I took some photos of a 3 month old girl yesterday.
This was indoors, used natural light but did have my SB-600 mounted to a shoot through umbrella TTL for fill....

Thanks

all were taken with my 35mm 1.8

1.   1/125  F1.8  ISO 400






2.	1/125   f 1.8  iso 400






3.  1/200  f 2.5 is0 400






4.  1/200  2.8  iso 400


----------



## tirediron (Jan 23, 2011)

Looks like it went well!


----------



## bluetibby1 (Jan 23, 2011)

Amazing!! Very nice work!! 2 looks a little overexposed but it's probably just my iPhone.


----------



## lili15 (Jan 23, 2011)

amazing! i love them!!!


----------



## Derrel (Jan 23, 2011)

What in the heck are you doing shooting at f/1.8 and f/2.5?

The 1.8 shots have the tutu out of focus, and the feet are blurry, or in the last shot at f/2.8 the hands of the kid are blurry...I have absolutely no idea what the rationale is behind this...


----------



## Zrock (Jan 24, 2011)

I like the pic's. I agree with the first one and the tutu and feet being out of foucus. I find it verry distracting it keeps drawing my eyes to the blurry sections. Other than that nice pics she has some verry nice eyes... 

gezz you would have loved taking pics of my little girl at 3 months she was sitting up on her own and now at 5 months she is couch walking. she just wants to go go go


----------



## ababysean (Jan 24, 2011)

Derrel said:


> What in the heck are you doing shooting at f/1.8 and f/2.5?
> 
> The 1.8 shots have the tutu out of focus, and the feet are blurry, or in the last shot at f/2.8 the hands of the kid are blurry...I have absolutely no idea what the rationale is behind this...



I agree.  I have no idea.  :/  Stupid.

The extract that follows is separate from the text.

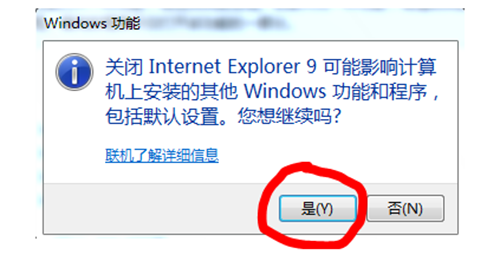 5、取消对钩后,系统会弹出提示窗口,如果确认要卸载的话,就点击“是”。点击“是”确定后,系统就会自动关闭IE浏览器了。
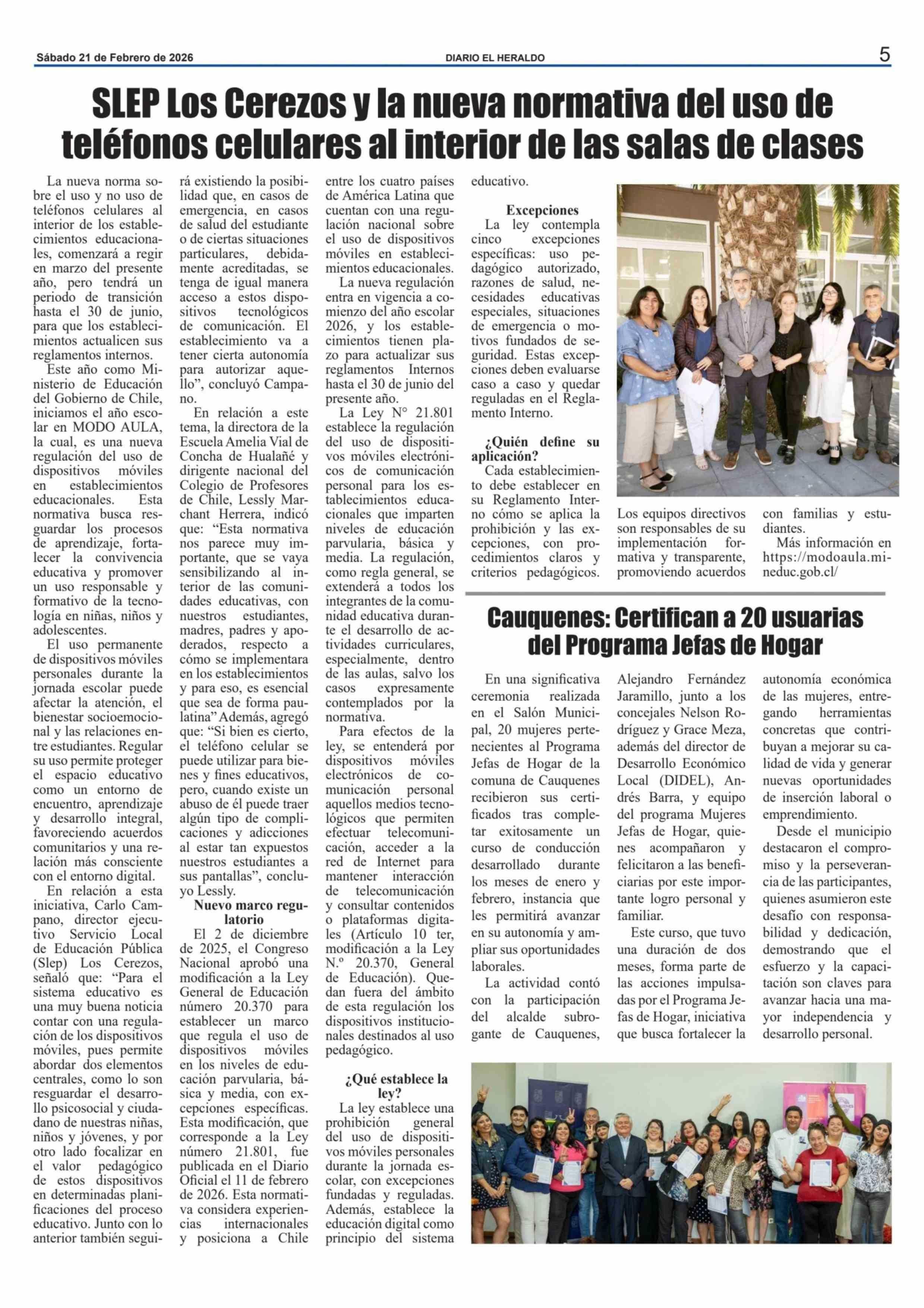 SLEP Los Cerezos y la nueva normativa del uso de teléfonos celulares al interior de las salas de clases 21-02-2026 El Heraldo |

Stupid. Stupid.  For some reason I thought I wanted the background out of focus so shoot wide open!  WTF? was I thinking I have no idea.
But at least I learned.  and I wont (well I'll try to remember) not to make that dumb arse mistake again!


----------



## AprilEye (Jan 26, 2011)

I love the kissy lips.  Nice touch!


----------



## Ajlista (Jan 26, 2011)

I like them : ) 
Especially Number 3 
Good job : )


----------



## Tbini87 (Jan 26, 2011)

When I opened the thread the camera settings loaded before the picture... and I instantly thought WHY is she shooting at 1.8 with that shutter speed and iso? I was expecting some artsy shots of a hand or foot in focus and everything else blurry. So I admit that before I even saw the pics I was kinda thrown off by the 1.8. I like the idea of the pictures, but think they could all be improved with more DOF. 

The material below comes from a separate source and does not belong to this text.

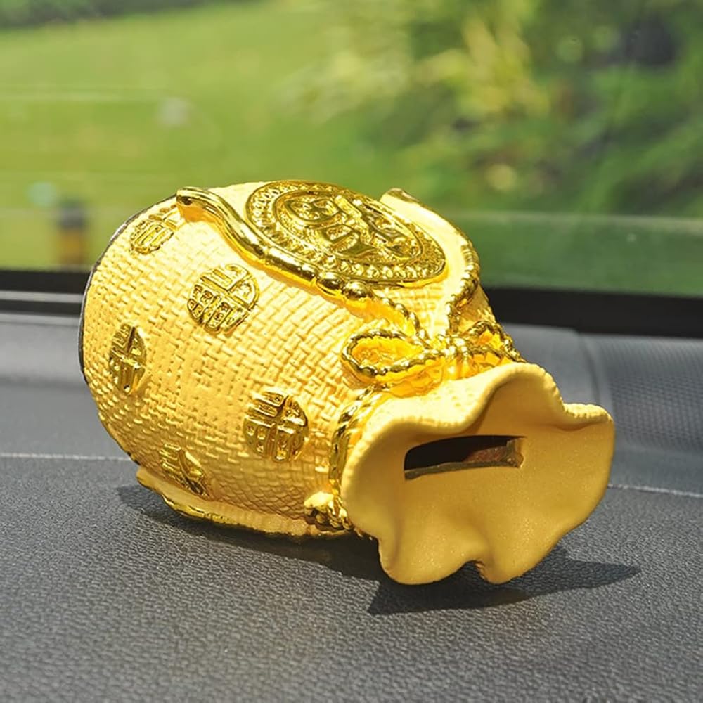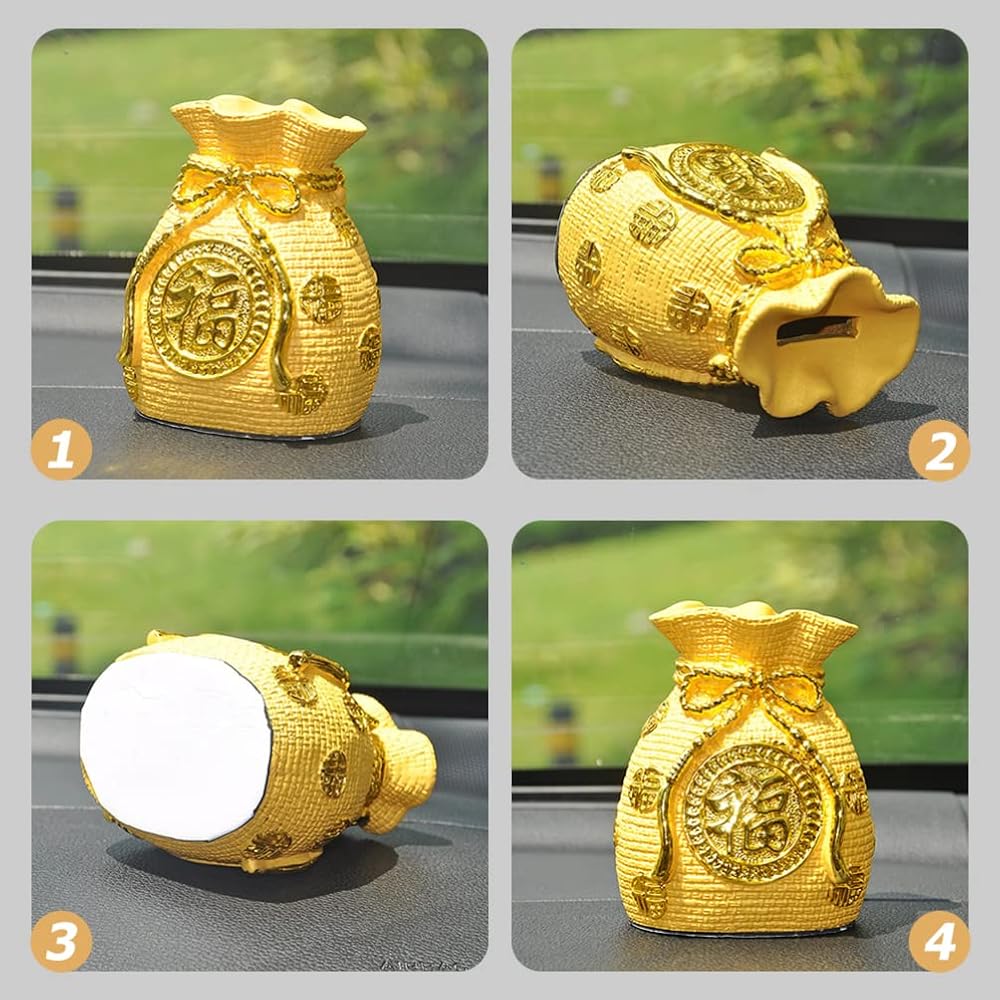 LIFKOME Lucky Bag Piggy Bank الصينية فنغ شوي حقيبة المال الثروة توفير المال بنك الثروة تمثال ذهبي عملة معدنية بنك تخزين الأموال للمنزل سطح المكتب زخرفة

I also know you like bright edits... but I prefer the pink background to the bright white. Overall I think you did a decent job, but wouldn't be dropping below 2.8 or so if you have enough light.


----------



## PerfectlyFlawed (Jan 26, 2011)

The Kiss is such a cute touch! I agree about the focus [Derrel] But, I think this shoot went well. Good job


----------